今後、in vivoおよびin vitroのモデルシステムは、ASDに関連する遺伝的変異のトランスクリプトーム、機能、行動への影響を、男女ともに、正確に選択された発生段階において、また複数の脳領域で探索するための重要なツールとなるであろう。ヒトの大脳皮質と同様に、Chd8、Arid1b、Shank3b、16p11.2欠損などのASDリスク遺伝子座のいくつかのマウスモデルにおいて、軸索誘導やグルタミン酸神経伝達の神経機能に関連する遺伝子モジュールの転写産物が減少していることが判明した(41, 42, 43)。また、ASDリスク遺伝子の筆頭であるChd8のヘテロ接合型変異体では、他の既知のASDリスク遺伝子の発現が一貫して低下しており(43、44、45)、ある研究ではChd8+/-変異体で発現が上昇した遺伝子に免疫反応関連、ASD上昇遺伝子が濃縮されており(44)、また別の研究ではChd8+/-制御低下遺伝子にASD制御下、ニューロン関連遺伝子が濃縮されていた(45)。これらのパターンは、ヒトの脳で報告された変化を部分的に検証するものであり、特定の遺伝的リスク変異をより広範な下流のトランスクリプトーム結果と関連付けるための非ヒトモデルの可能性を示すものである。しかし、これらの研究は、これまでのところ、性差とは無関係の障害に関連した変化に焦点を当てており、今後の解析で直接取り上げられる必要がある。また、動物実験では、グリア遺伝子の発現上昇がASD病理の原因であるのか結果であるのか、まだ明らかにされていない。共発現ネットワークの変化の中心となる「ハブ遺伝子」を破壊する実験や、これらのモジュールに関連する特定の細胞タイプの機能を標的とする実験がさらに進めば、グリア機能の増加(あるいはニューロン機能の低下)が、脳機能や行動における表現型の変化に寄与しているか、あるいは単に相関しているかを明らかにするのに役立つだろう。
ASD患者サンプル由来のヒト人工多能性幹細胞(hiPSC)は、ヒト細胞であること、脳組織よりも入手しやすいこと、ごく初期の発生段階をモデル化できることなど、明確な利点があり、有用なモデルの一つである。興奮性・抑制性ニューロンに分化したhiPSCのトランスクリプトーム解析から得られた知見は、死後の脳組織と同様、ニューロン分化、ニューロン突起の発達とパターン形成、シナプスシグナルに関わる遺伝子ネットワークの調節障害などである(46,47)。しかし、現在のところ、hiPSCから誘導できる神経細胞の種類は限られており、性ステロイドホルモンを適用した場合としない場合のいずれにおいても、細胞培養系で性差生物学のどの次元を再現できるかはまだわかっていない。アストロサイトやミクログリアニューロンの共培養に必要な実験条件や、性差を適切にモデル化するための条件を探ることで、この分野の実験研究におけるhiPSCの有用性を前進させることができると考えています。
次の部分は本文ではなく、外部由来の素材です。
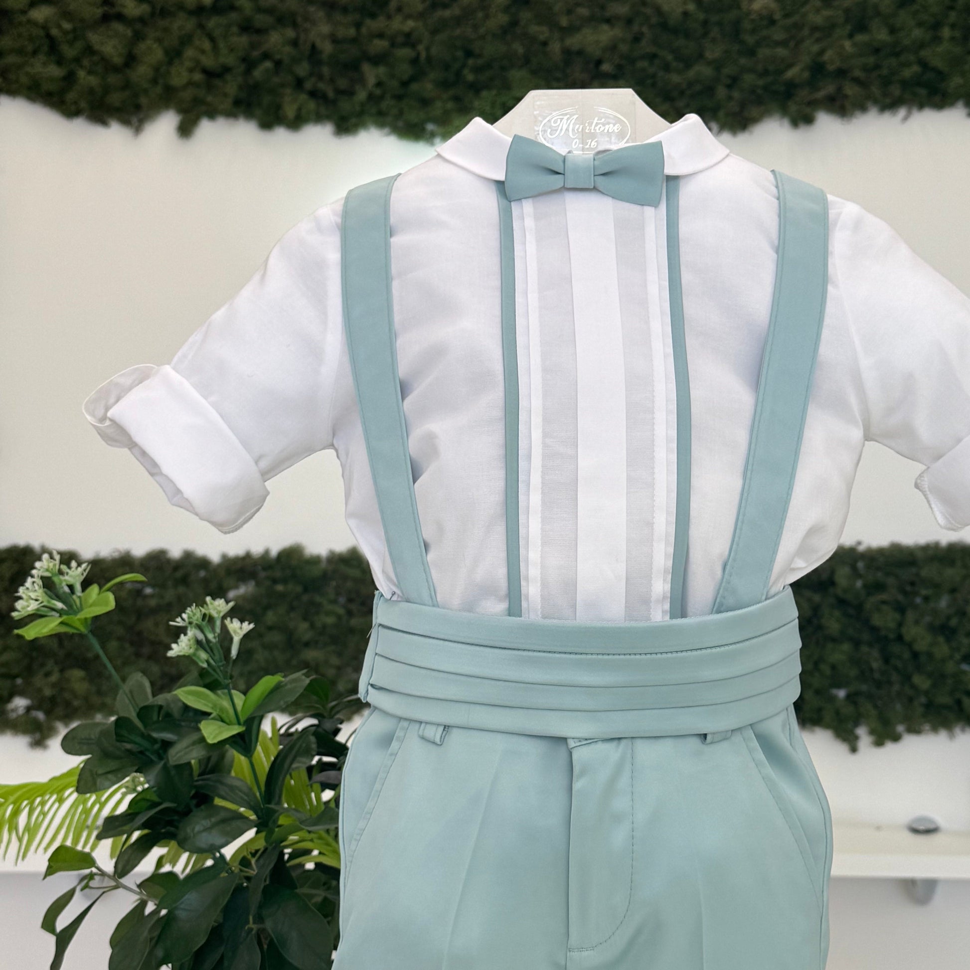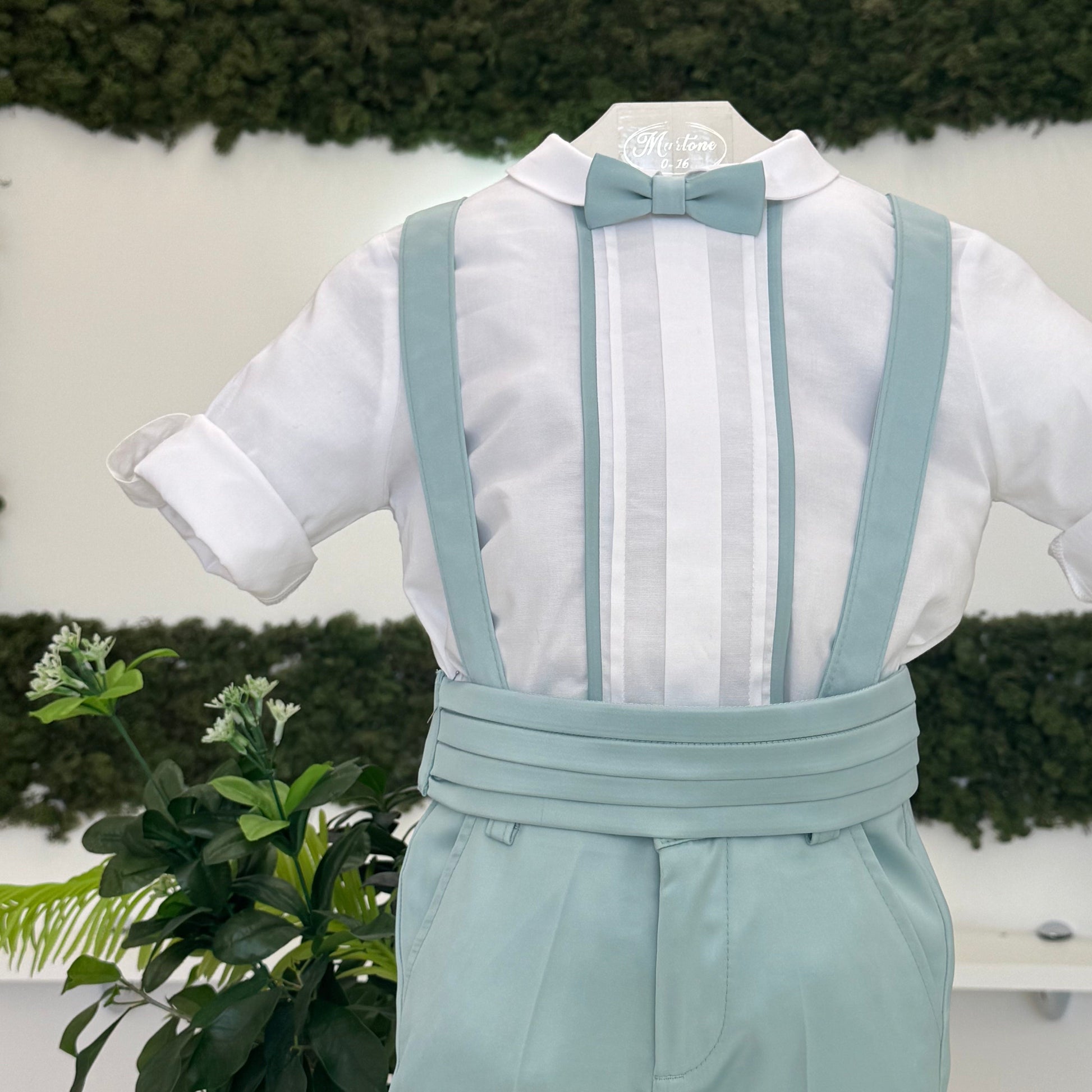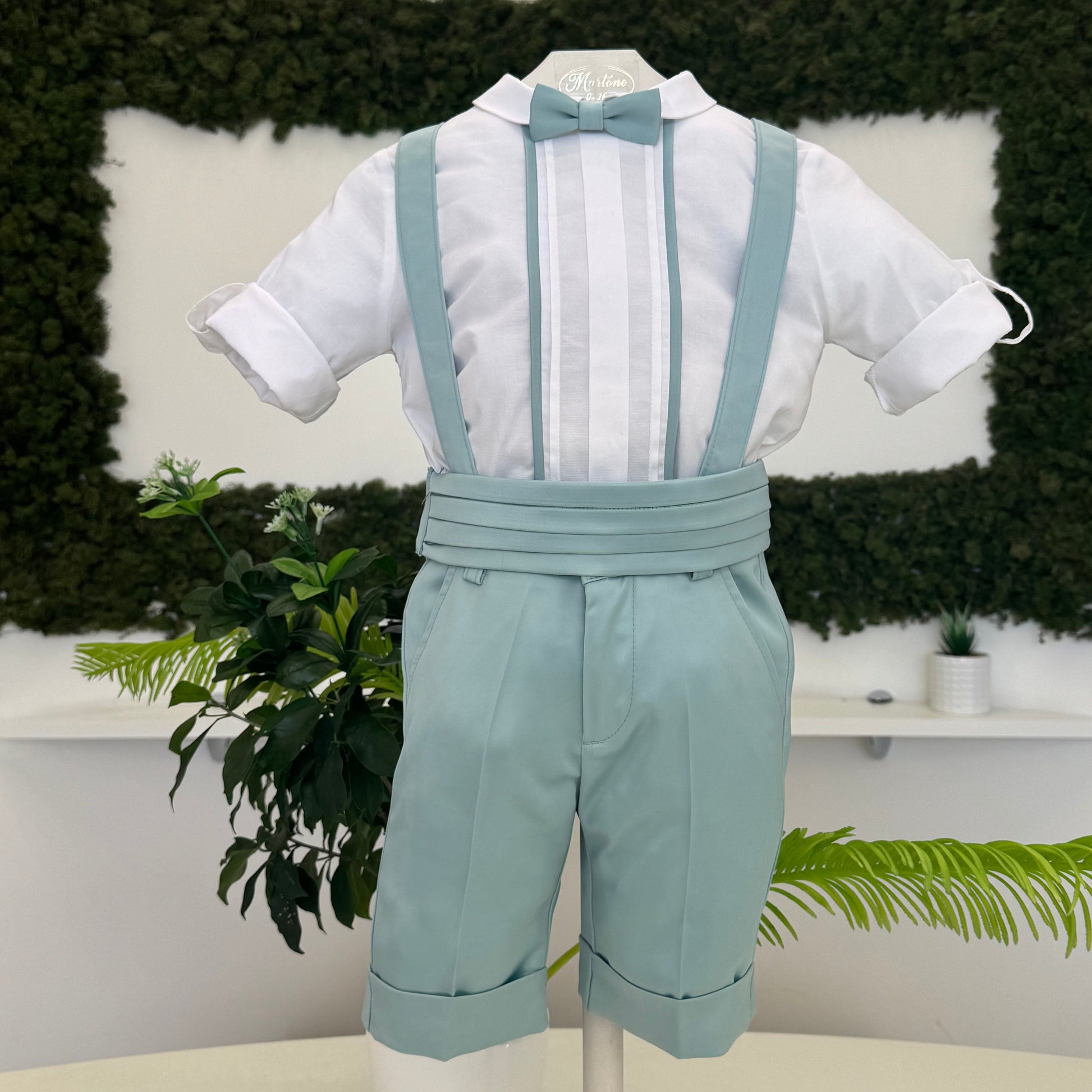 Completo elegante per bimbo in tessuto lucido, composto da pantaloncino con bretelle e fascia in vita, che conferiscono un tocco di classe. La camicia in cotone con pieghe e il papillon coordinato completano l'outfit, creando un look raffinato e perfetto per le cerimonie speciali.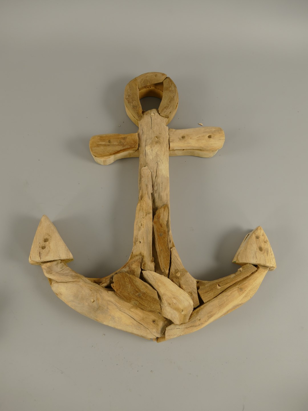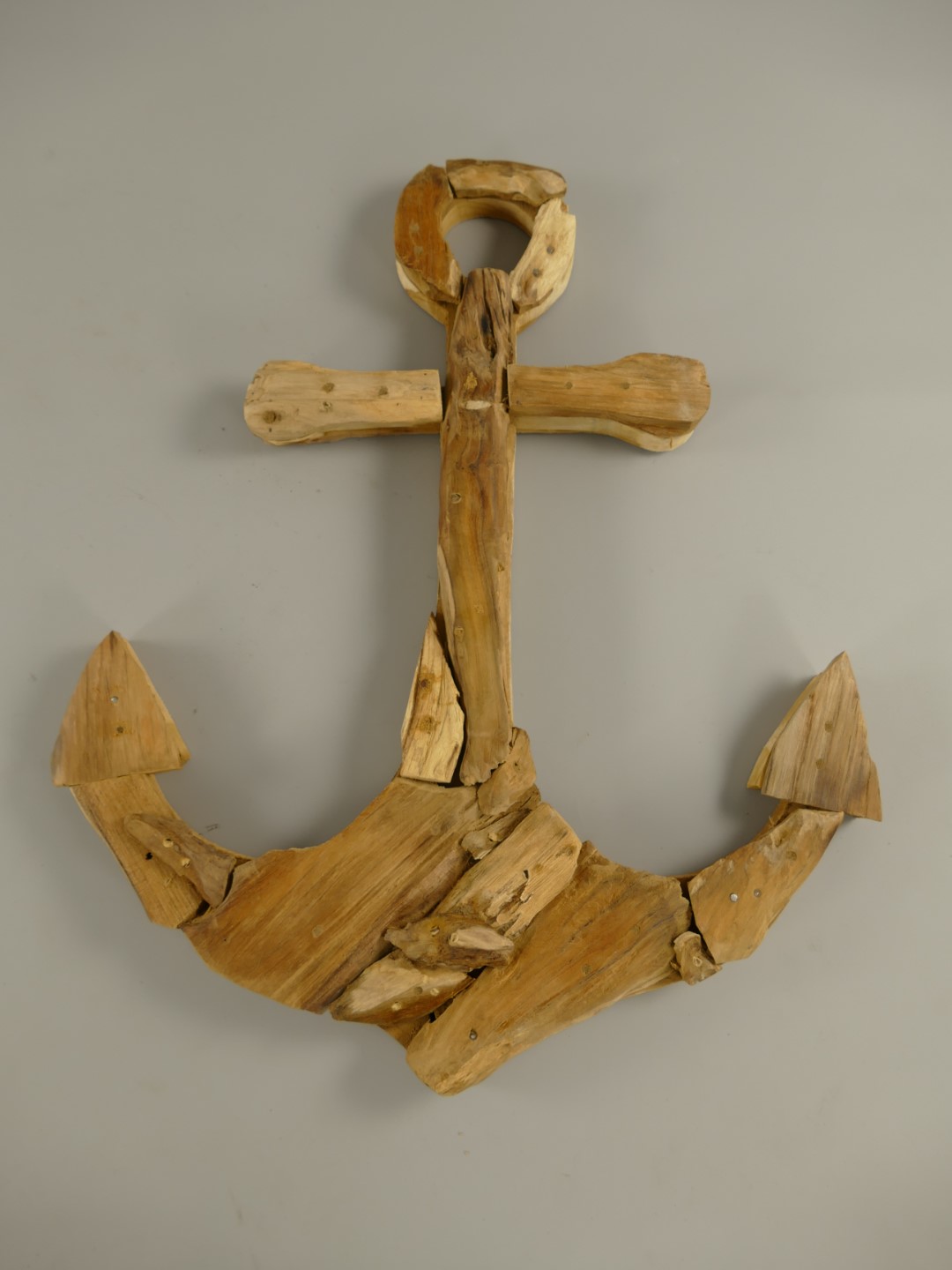 *NT Deko wand Anker Set/3 Teak Holz H.40-80cm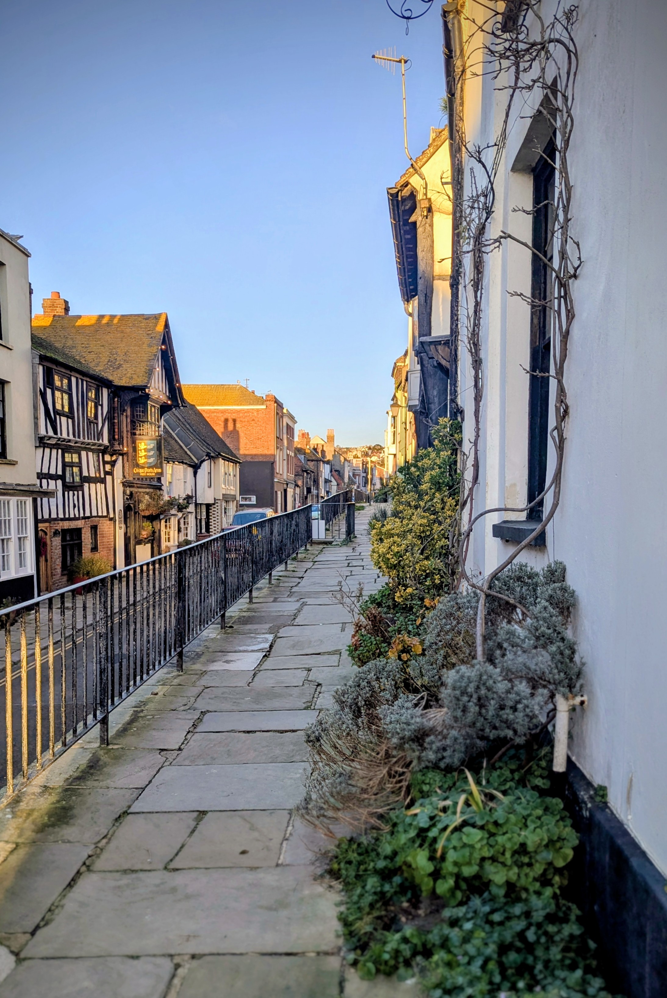 One of those lovely raised footpaths brings you to the Cinque Ports,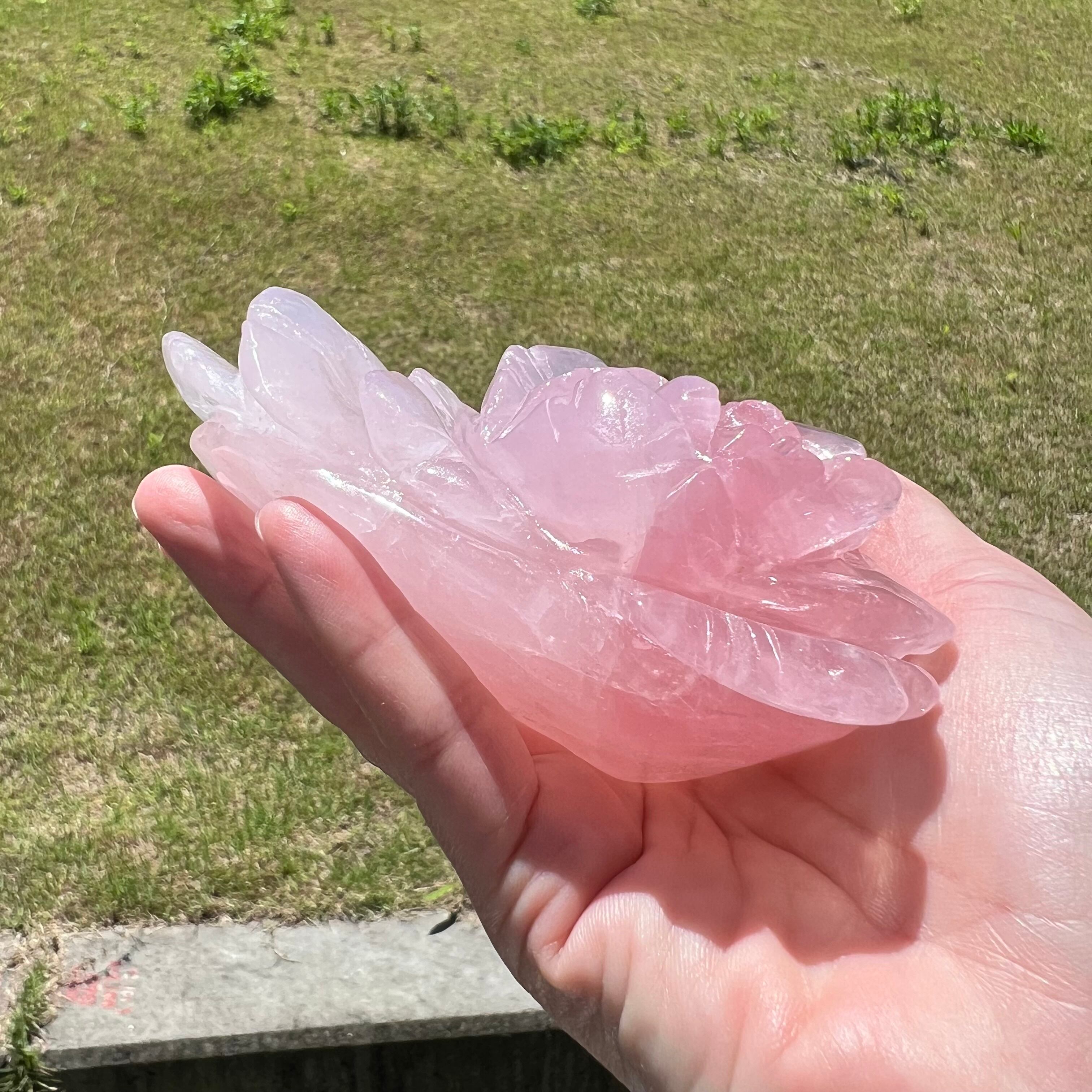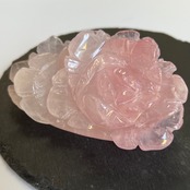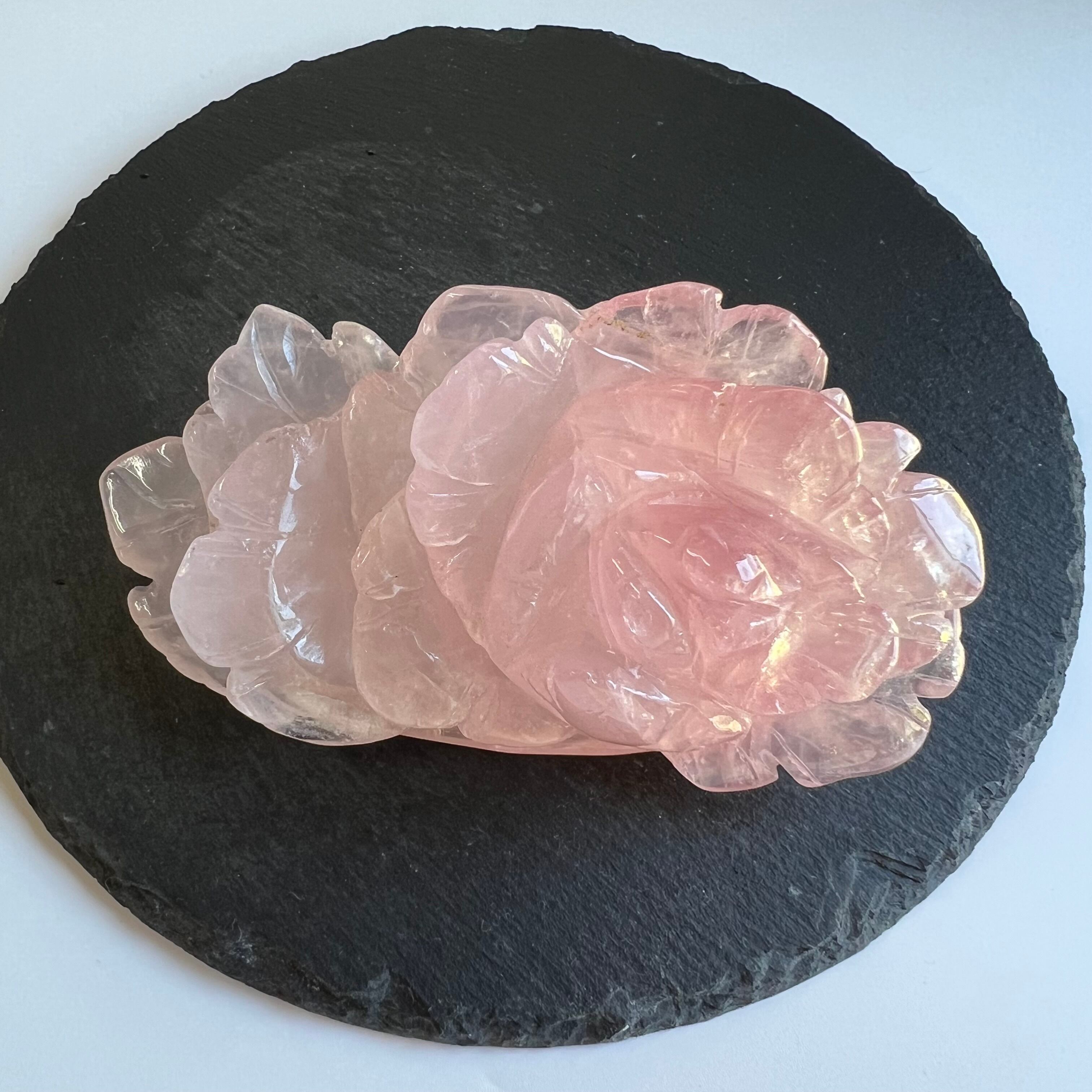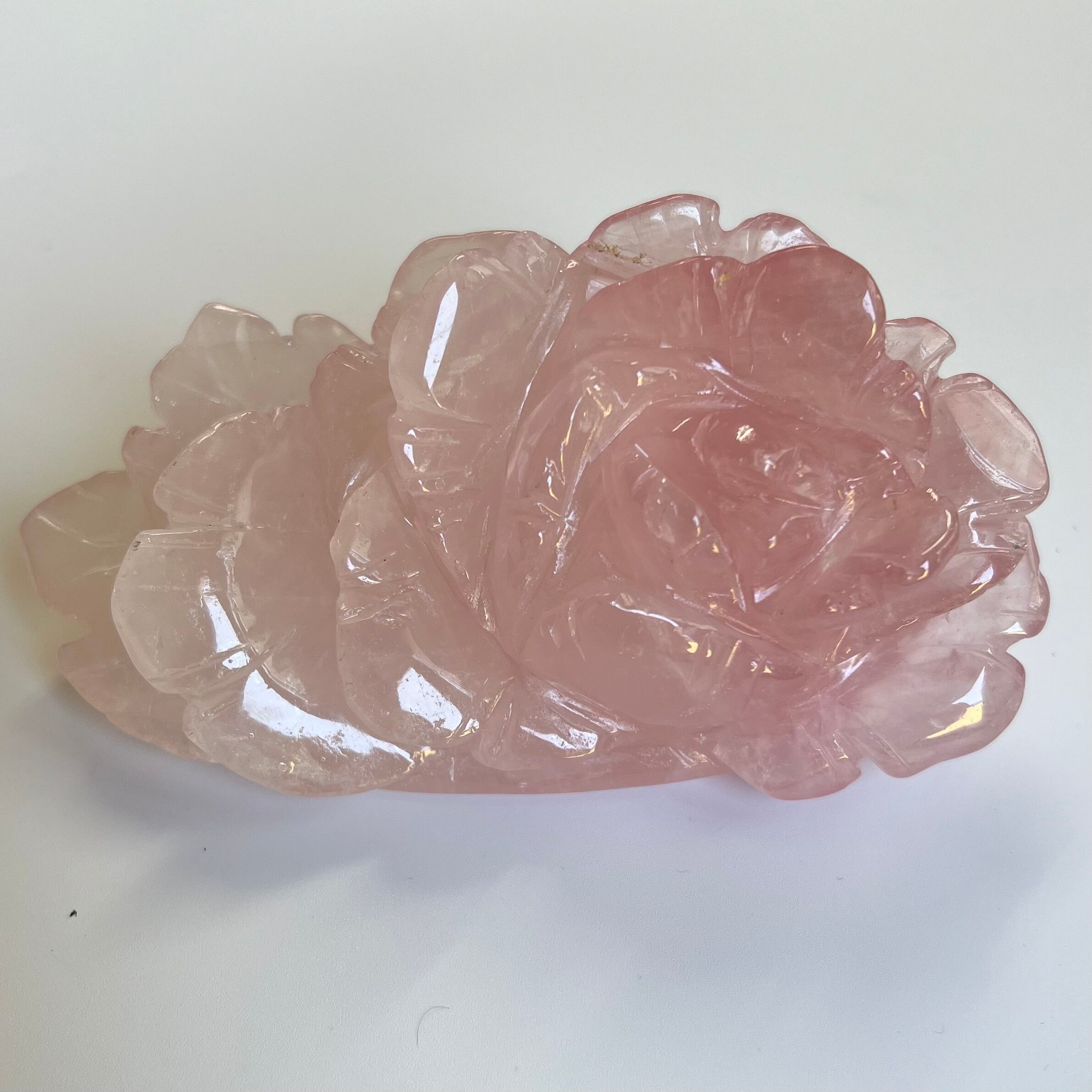 上品で優雅な雰囲気を演出する、ローズクォーツのバラの彫りものの置物です。

ヒトの研究からモデルシステムまで、ASDの女性サンプルは限られており、生物学的変数としての性への注目も限られているため、ASDの病態やリスクにおける性差を記述し理解することが妨げられてきた。ASDの障害状態や一般集団における性差をさらに明らかにすることは、ASDや性差のある有病率や症状を示す他の精神・神経疾患にとって重要であり、メカニズムを明らかにする実験的研究の舞台をより良く整えることになる。この目標に向けて、我々は個々の研究室、研究助成機関、ジャーナルが、すべてのヒトおよびモデル研究で女性のサンプルを含めることを促進または強制し、性差のある疾患であっても、可能な限り性差のないサンプルセットの分析を推し進めることを推奨している。障害の状態やリスクにおける性差を理解することは、障害の病理学の基本的側面を明らかにし、男女両方の患者に利益をもたらす治療法を設計する上で大きな可能性を持っているからである。